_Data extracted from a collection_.

◇ ◇ ◇ ◇ ◇ ◇ ◇

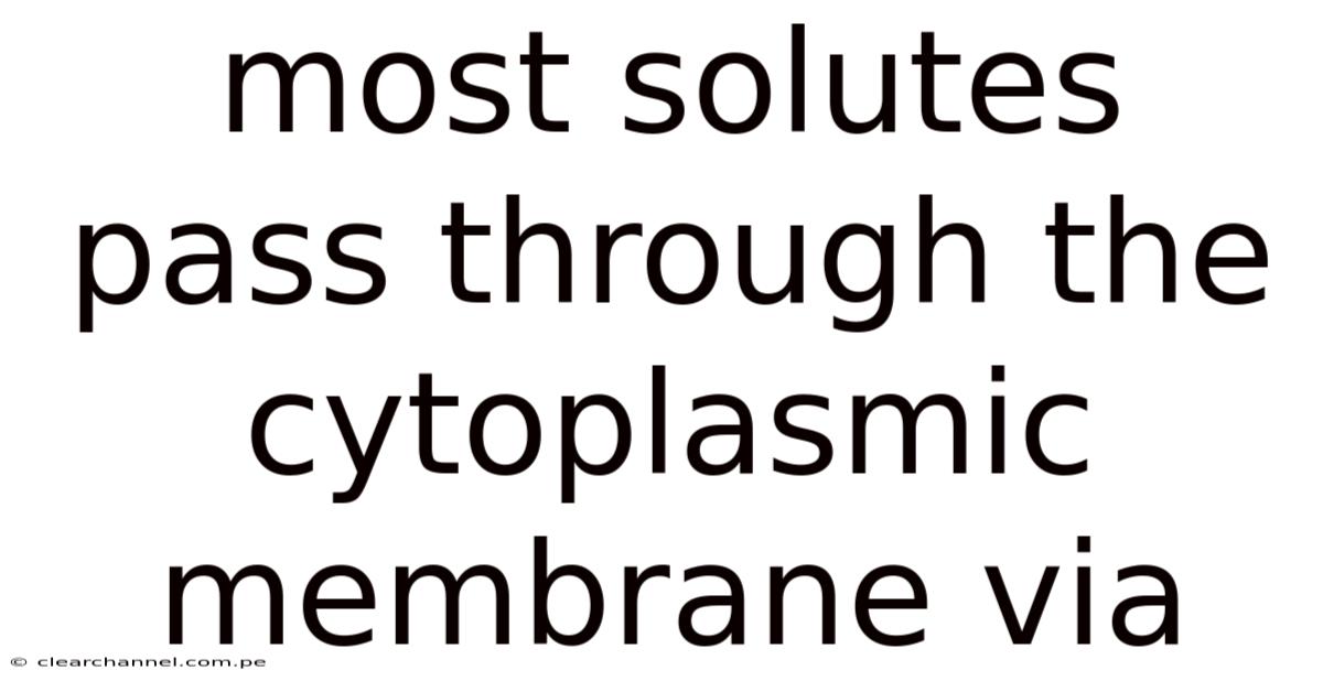 Most Solutes Pass Through The Cytoplasmic Membrane Via
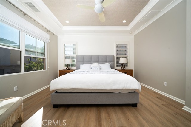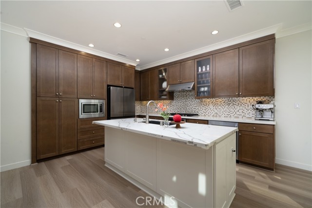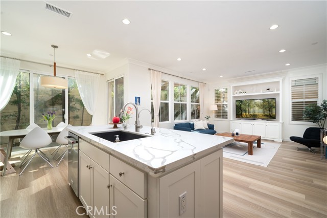 Rare opportunity to own a former MODEL HOME in the highly sought-after Vista Scena community of Orchard Hills. Ideally positioned as a premium end unit and only attached at the garage, this home offers a rare single-loaded feel with no neighbors in front and serene views of a lush greenery and beautiful sunset. Spanning approximately 1,772 sq ft, this 3-bedroom, 2.5-bath home with loft features a bright, open-concept layout and extensive builder upgrades throughout. The gourmet kitchen showcases upgraded countertops, mosaic backsplash, stainless steel appliances, custom cabinetry, and a large center island—ideal for both everyday living and entertaining. The garage has sufficient space not only to store your Christmas decoration and cars but also has a 240V EV charger to ease anyone's EV anxiety. Upstairs, the spacious primary suite features dual vanities, a jet-spa tub, separate shower, and a walk-in closet. Two additional bedrooms, a full bath, a versatile loft area ideal for a home office or workout space, and convenient upstairs laundry complete the second level. Enjoy breathtaking open-space views from the bedrooms—offering a rare sense of privacy and tranquility. The light-filled interior flows seamlessly to a professionally updated backyard, creating a private, low-maintenance retreat perfect for relaxing or entertaining. The nearby park and reservable clubhouse are close enough for everyday enjoyment, yet thoughtfully positioned to preserve peace and quiet. Located within walking distance to Blue Ribbon Northwood High School and within a mile from award-winning Canyon View Elementary. This house is also just minutes from Irvine’s premier shopping, dining, and everyday conveniences. Former model homes in this location rarely come to market—this is one you don’t want to miss.
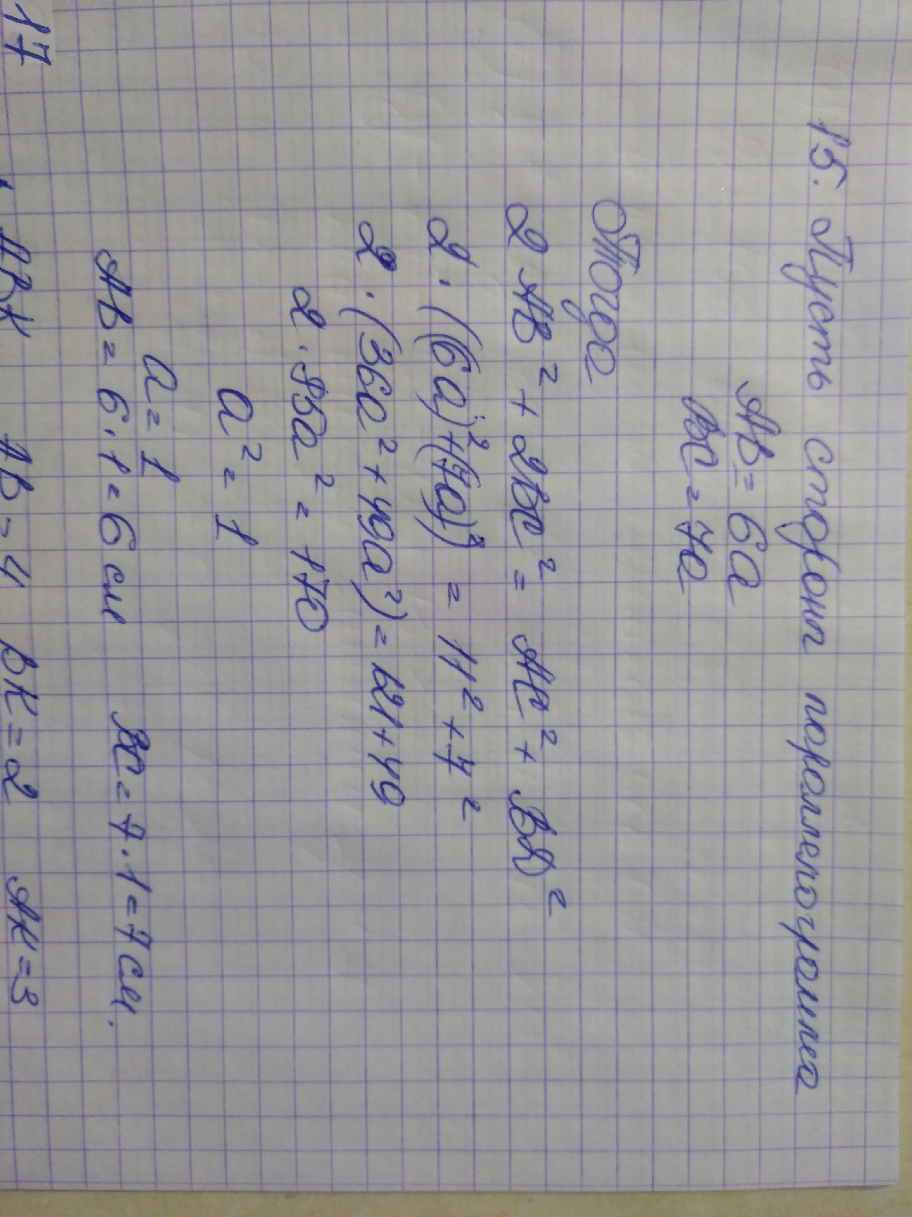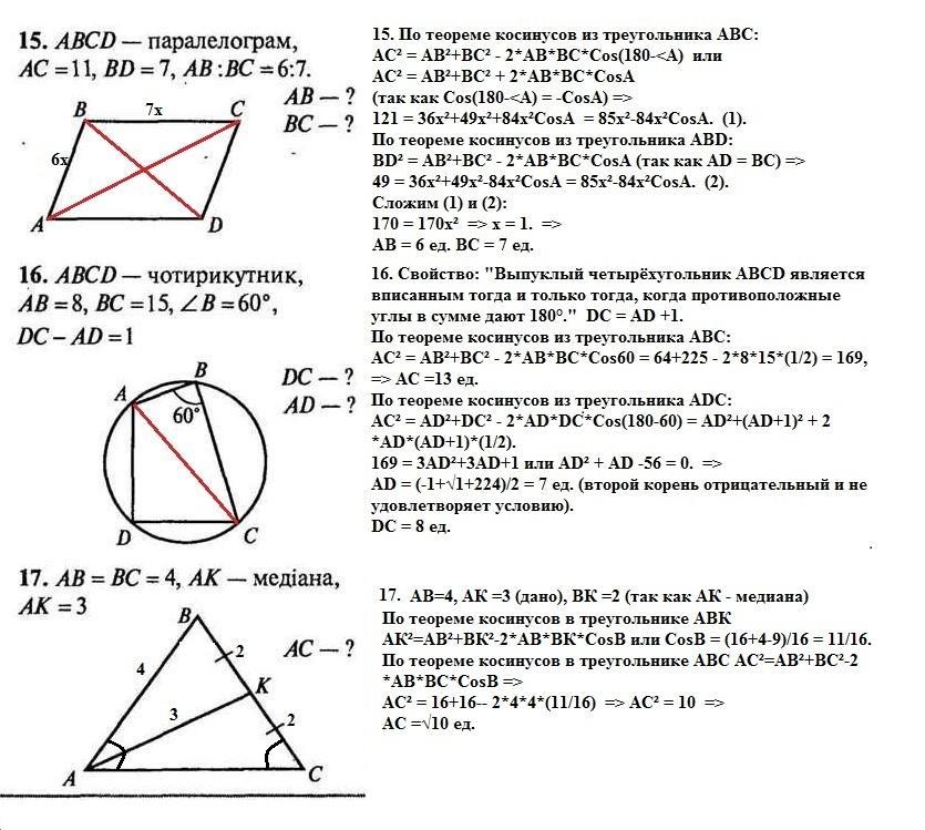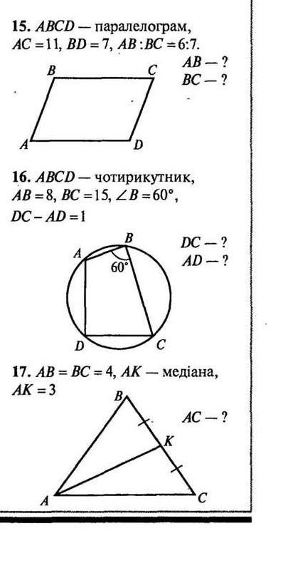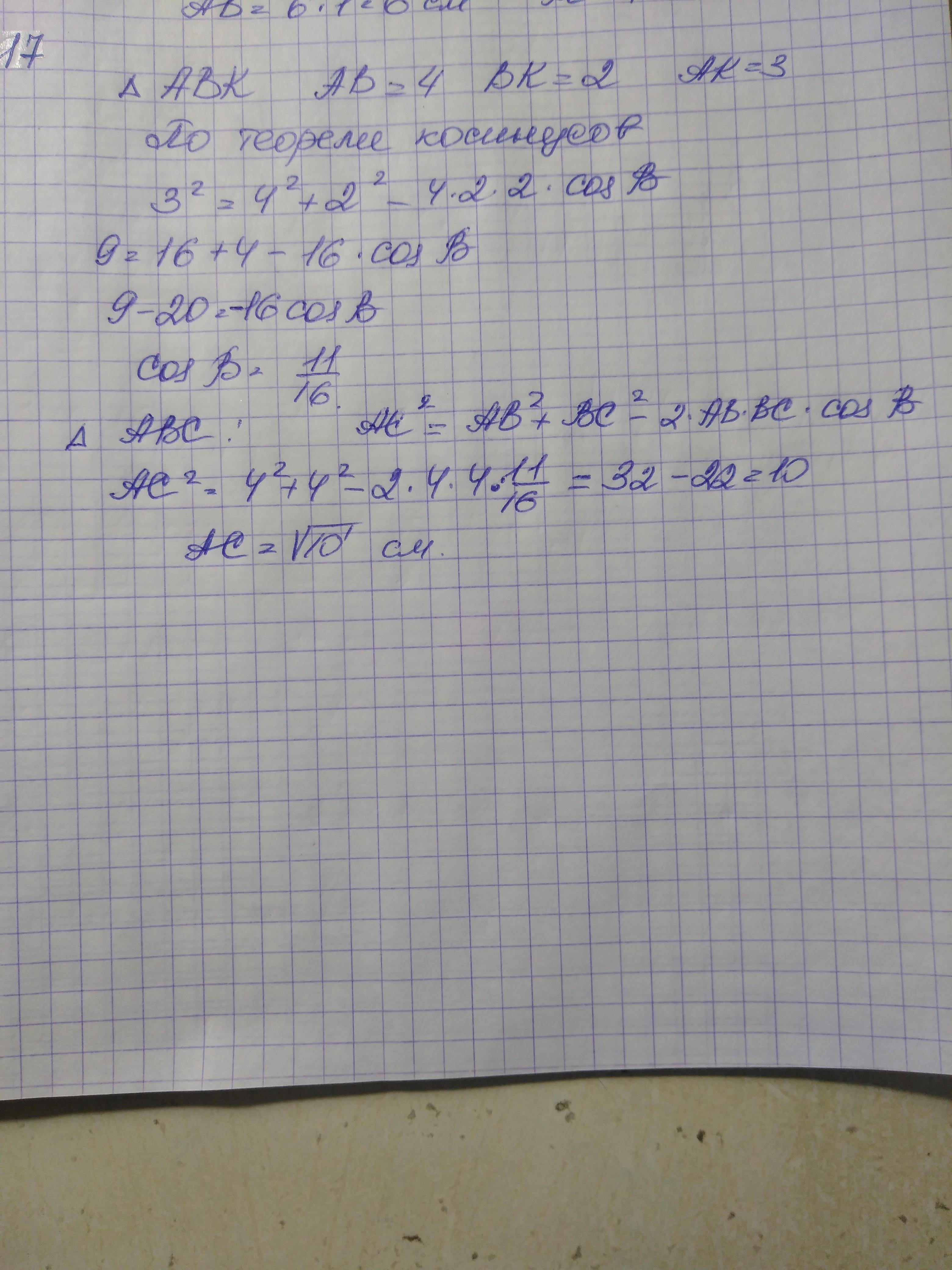 17. АВ=4, AК =3 (дано), ВК =2 (так как АК - медиана)
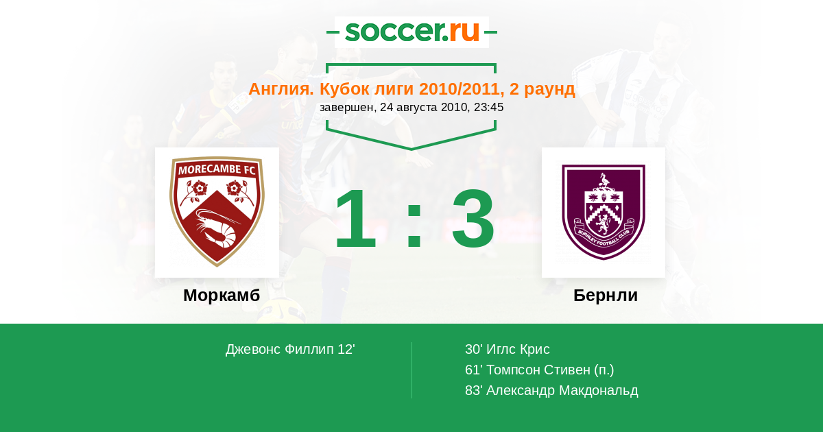 Моркамб - Бернли: обзор матча 24 августа 2010
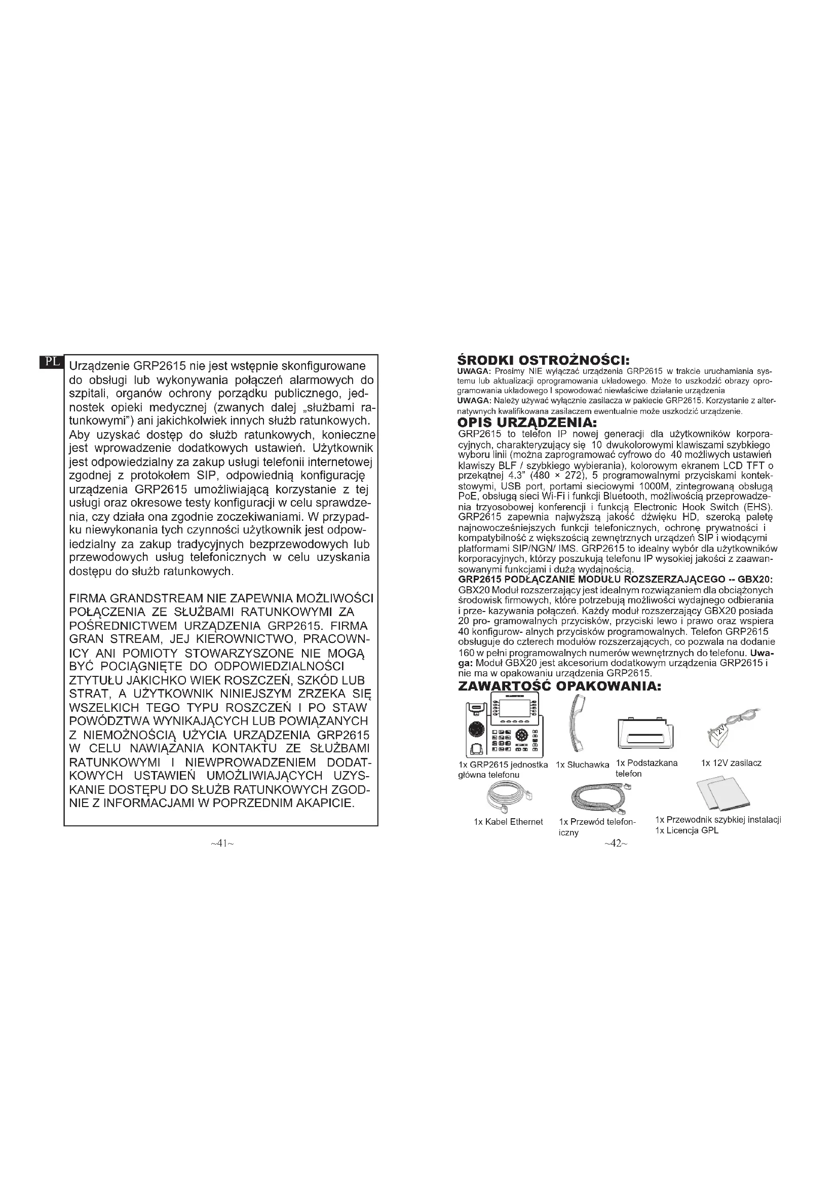internet) para consultar, se for necessário, as definições adicionais que podem ser necessárias para configurar o telefone.figure the phone. Congurar o GRP2615 utilizando o teclado: CONFIGURAÇÃO DO TELEFONE: Congurar o GRP2615 utilizando a interface web: Por favor, baixe o Manual do Usuário e verifique a seção FAQ para instruções mais detalhadas: http://www.grandstream.com/our-products Tecla de função Teclas de Navegação Mensagem Reter Transferir Headset Mudo Volume Viva-Voz Enviar/Chamar Teclado Padrão Teclas de Linha Tecla Menu/OK~41~ ~42~ Urządzenie GRP2615 nie jest wstępnie skonfigurowane do obsługi lub wykonywania połączeń alarmowych do szpitali, organów ochrony porządku publicznego, jed- nostek opieki medycznej (zwanych dalej „służbami ra- tunkowymi”) ani jakichkolwiek innych służb ratunkowych. Aby uzyskać dostęp do służb ratunkowych, konieczne jest wprowadzenie dodatkowych ustawień. Użytkownik jest odpowiedzialny za zakup usługi telefonii internetowej zgodnej z protokołem SIP, odpowiednią konfigurację urządzenia GRP2615 umożliwiającą korzystanie z tej usługi oraz okresowe testy konfiguracji w celu sprawdze- nia, czy działa ona zgodnie zoczekiwaniami. W przypad- ku niewykonania tych czynności użytkownik jest odpow- iedzialny za zakup tradycyjnych bezprzewodowych lub przewodowych usług telefonicznych w celu uzyskania dostępu do służb ratunkowych. FIRMA GRANDSTREAM NIE ZAPEWNIA MOŻLIWOŚCI POŁĄCZENIA ZE SŁUŻBAMI RATUNKOWYMI ZA

◇ ◇ ◇ ◇ ◇ ◇ ◇

Nothing in the records should be changed in the copy, but the pictures must be left out.

_Your solution_.
 Most Solutes Pass Through The Cytoplasmic Membrane Via
 Rare opportunity to own a former MODEL HOME in the highly sought-after Vista Scena community of Orchard Hills. Ideally positioned as a premium end unit and only attached at the garage, this home offers a rare single-loaded feel with no neighbors in front and serene views of a lush greenery and beautiful sunset. Spanning approximately 1,772 sq ft, this 3-bedroom, 2.5-bath home with loft features a bright, open-concept layout and extensive builder upgrades throughout. The gourmet kitchen showcases upgraded countertops, mosaic backsplash, stainless steel appliances, custom cabinetry, and a large center island—ideal for both everyday living and entertaining. The garage has sufficient space not only to store your Christmas decoration and cars but also has a 240V EV charger to ease anyone's EV anxiety. Upstairs, the spacious primary suite features dual vanities, a jet-spa tub, separate shower, and a walk-in closet. Two additional bedrooms, a full bath, a versatile loft area ideal for a home office or workout space, and convenient upstairs laundry complete the second level. Enjoy breathtaking open-space views from the bedrooms—offering a rare sense of privacy and tranquility. The light-filled interior flows seamlessly to a professionally updated backyard, creating a private, low-maintenance retreat perfect for relaxing or entertaining. The nearby park and reservable clubhouse are close enough for everyday enjoyment, yet thoughtfully positioned to preserve peace and quiet. Located within walking distance to Blue Ribbon Northwood High School and within a mile from award-winning Canyon View Elementary. This house is also just minutes from Irvine’s premier shopping, dining, and everyday conveniences. Former model homes in this location rarely come to market—this is one you don’t want to miss.
 17. АВ=4, AК =3 (дано), ВК =2 (так как АК - медиана)
 Моркамб - Бернли: обзор матча 24 августа 2010
internet) para consultar, se for necessário, as definições adicionais que podem ser necessárias para configurar o telefone.figure the phone. Congurar o GRP2615 utilizando o teclado: CONFIGURAÇÃO DO TELEFONE: Congurar o GRP2615 utilizando a interface web: Por favor, baixe o Manual do Usuário e verifique a seção FAQ para instruções mais detalhadas: http://www.grandstream.com/our-products Tecla de função Teclas de Navegação Mensagem Reter Transferir Headset Mudo Volume Viva-Voz Enviar/Chamar Teclado Padrão Teclas de Linha Tecla Menu/OK~41~ ~42~ Urządzenie GRP2615 nie jest wstępnie skonfigurowane do obsługi lub wykonywania połączeń alarmowych do szpitali, organów ochrony porządku publicznego, jed- nostek opieki medycznej (zwanych dalej „służbami ra- tunkowymi”) ani jakichkolwiek innych służb ratunkowych. Aby uzyskać dostęp do służb ratunkowych, konieczne jest wprowadzenie dodatkowych ustawień. Użytkownik jest odpowiedzialny za zakup usługi telefonii internetowej zgodnej z protokołem SIP, odpowiednią konfigurację urządzenia GRP2615 umożliwiającą korzystanie z tej usługi oraz okresowe testy konfiguracji w celu sprawdze- nia, czy działa ona zgodnie zoczekiwaniami. W przypad- ku niewykonania tych czynności użytkownik jest odpow- iedzialny za zakup tradycyjnych bezprzewodowych lub przewodowych usług telefonicznych w celu uzyskania dostępu do służb ratunkowych. FIRMA GRANDSTREAM NIE ZAPEWNIA MOŻLIWOŚCI POŁĄCZENIA ZE SŁUŻBAMI RATUNKOWYMI ZA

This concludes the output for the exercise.